Without including any pictures, reproduce the full listing exactly.

■ Source material:
*** Begin section ***

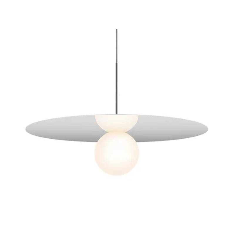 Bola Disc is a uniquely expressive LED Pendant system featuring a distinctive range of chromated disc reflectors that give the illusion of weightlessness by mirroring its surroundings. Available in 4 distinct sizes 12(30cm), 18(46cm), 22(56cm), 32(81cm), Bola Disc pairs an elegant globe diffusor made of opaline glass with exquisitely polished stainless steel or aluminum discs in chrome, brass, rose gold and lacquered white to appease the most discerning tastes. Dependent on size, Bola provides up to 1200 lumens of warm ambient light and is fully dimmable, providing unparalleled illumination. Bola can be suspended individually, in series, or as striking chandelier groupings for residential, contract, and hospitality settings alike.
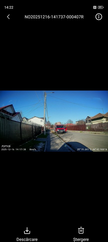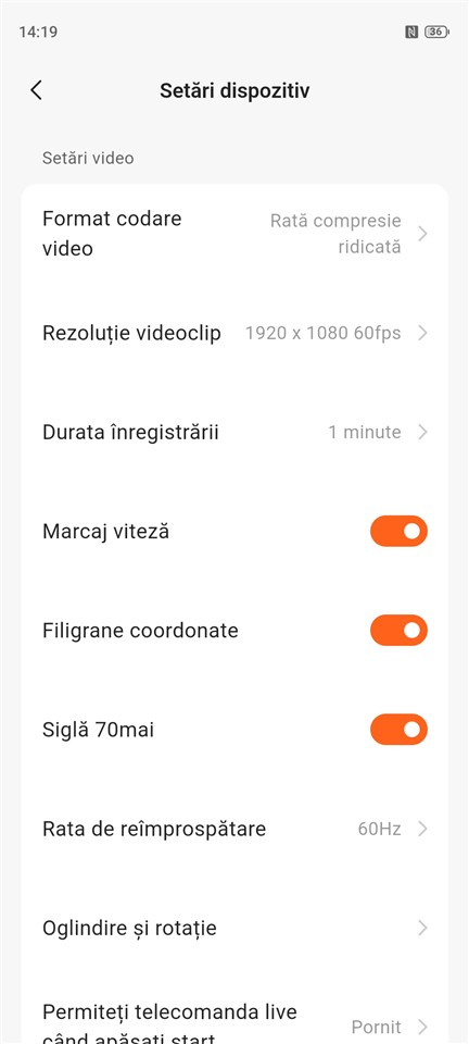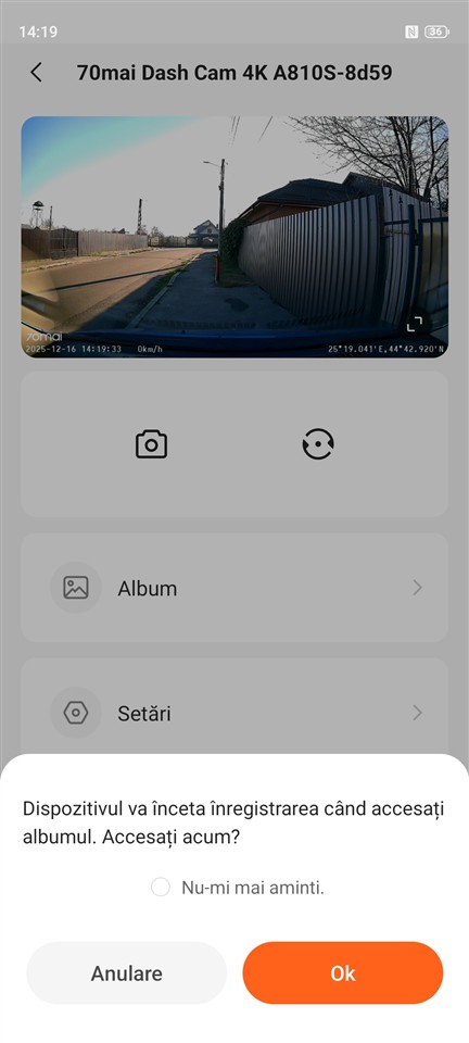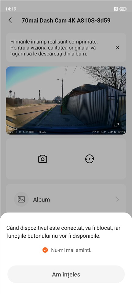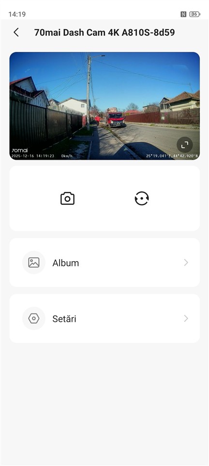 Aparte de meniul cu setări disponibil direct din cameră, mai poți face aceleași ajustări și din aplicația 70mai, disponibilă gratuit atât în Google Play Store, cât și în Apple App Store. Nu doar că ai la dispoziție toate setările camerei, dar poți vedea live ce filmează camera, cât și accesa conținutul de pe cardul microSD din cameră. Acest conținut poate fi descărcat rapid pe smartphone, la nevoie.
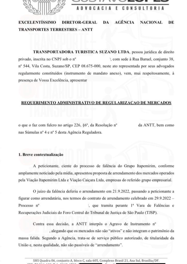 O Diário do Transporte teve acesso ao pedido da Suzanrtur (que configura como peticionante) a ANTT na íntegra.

*** End section ***

■ Written response:
 Bola Disc is a uniquely expressive LED Pendant system featuring a distinctive range of chromated disc reflectors that give the illusion of weightlessness by mirroring its surroundings. Available in 4 distinct sizes 12(30cm), 18(46cm), 22(56cm), 32(81cm), Bola Disc pairs an elegant globe diffusor made of opaline glass with exquisitely polished stainless steel or aluminum discs in chrome, brass, rose gold and lacquered white to appease the most discerning tastes. Dependent on size, Bola provides up to 1200 lumens of warm ambient light and is fully dimmable, providing unparalleled illumination. Bola can be suspended individually, in series, or as striking chandelier groupings for residential, contract, and hospitality settings alike.
 Aparte de meniul cu setări disponibil direct din cameră, mai poți face aceleași ajustări și din aplicația 70mai, disponibilă gratuit atât în Google Play Store, cât și în Apple App Store. Nu doar că ai la dispoziție toate setările camerei, dar poți vedea live ce filmează camera, cât și accesa conținutul de pe cardul microSD din cameră. Acest conținut poate fi descărcat rapid pe smartphone, la nevoie.
 O Diário do Transporte teve acesso ao pedido da Suzanrtur (que configura como peticionante) a ANTT na íntegra.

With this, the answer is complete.